No se cree en la polis, sólo en el partido, tomado como plataforma para alcanzar los propios objetivos, poder, dinero, prestancia social, etc. La pertenencia a una formación política se ha transformado en el mecanismo adecuado de ascenso en la escala social hasta niveles que de otra manera jamás se habrían logrado. El partido es el instrumento óptimo para que los que carecen de méritos, capacidad y cualidades alcancen puestos preeminentes en la sociedad. En las fuerzas políticas, el valor supremo es la llamada fidelidad, como adhesión incondicional al líder. La discrepancia está prohibida. Nuestra Constitución establece que los partidos deben ser democráticos. Nada más lejos de la realidad. Su esquema de funcionamiento es el de las sociedades cerradas de Popper.

Pero a la decepción de la política, al menos en España, colaboran de forma decisiva los medios de comunicación social, cuya postura llega a ser tan sectaria que la de los políticos, afiliándose a uno u otro bando con tanto o mayor dogmatismo. No se trata por supuesto de defender distintas posturas ideológicas. Aquí no hay ideologías sino intereses y banderías, por eso lo que un día se anatematiza de una formación política, al día siguiente puede ser perfectamente aceptable, e incluso loable, por la única razón de que son otros los actores.

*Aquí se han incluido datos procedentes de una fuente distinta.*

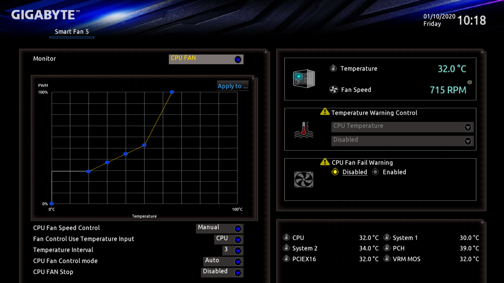Die Kurven sind natürlich auch etwas von den Lüftern abhängig, also ihrer maximalen Drehzahl und ihrer Lautstärke. Ich hab meine unter Windows kalibrieren lassen, mir dann die Werte des leisesten Presets aufgeschrieben und die dann einfach alle ins Bios übertragen (bis auf die Pumpe).

En ese totalitarismo tribal, algunos periodistas van tan lejos que pretenden ser los estrategas o ideólogos de la formación política elegida. Hasta tal punto asumen su papel que adoptan posturas incendiarias cuando no siguen sus instrucciones al pie de la letra. Uno de los graves problemas de Rajoy es el fuego mediático amigo.

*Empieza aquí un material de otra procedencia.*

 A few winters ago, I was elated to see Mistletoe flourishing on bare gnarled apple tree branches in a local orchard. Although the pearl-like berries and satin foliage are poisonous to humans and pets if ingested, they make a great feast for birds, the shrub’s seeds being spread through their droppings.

Los acontecimientos que han rodeado al Partido Popular en la semana anterior son bastante expresivos de todo lo anterior. En un sistema democrático con partidos también democráticos, las declaraciones de Manuel Cobo no deberían haber creado ningún problema. Eran sus opiniones, que por otra parte, seguro que son ampliamente compartidas dentro y fuera del PP. Sin embargo, poco ha faltado para que algunos pidiesen que se le quemase en la hoguera y, lo que es aún más llamativo, desde todos los ángulos se ha tildado a Rajoy poco menos que de "bragazas" por no actuar con toda la contundencia que los centuriones reclamaban.

Nunca he entendido lo de que la ropa sucia haya que lavarla en casa. Las formaciones políticas tienen una finalidad pública y lo que en ellas suceda interesa a todos los españoles. El espíritu gremial y de cofradía cuadra mal con las sociedades abiertas y el sistema democrático. Los medios de comunicación no dejan de reclamar la democracia interna en los partidos políticos, pero, ¡oh paradoja!, en cuanto se produce la menor discrepancia o crítica interna caen como buitres censurando la división. En la pasada semana se ha podido presenciar cómo los mismos periodistas que fustigaban a Rajoy por su falta de carisma, liderazgo y fuerza al no actuar contundentemente contra los rebeldes, pocos días después le tildaban de estalinista por condenar las manifestaciones externas. El descaro no tiene límites. Lo que digo, que don Mariano se cuide del fuego amigo.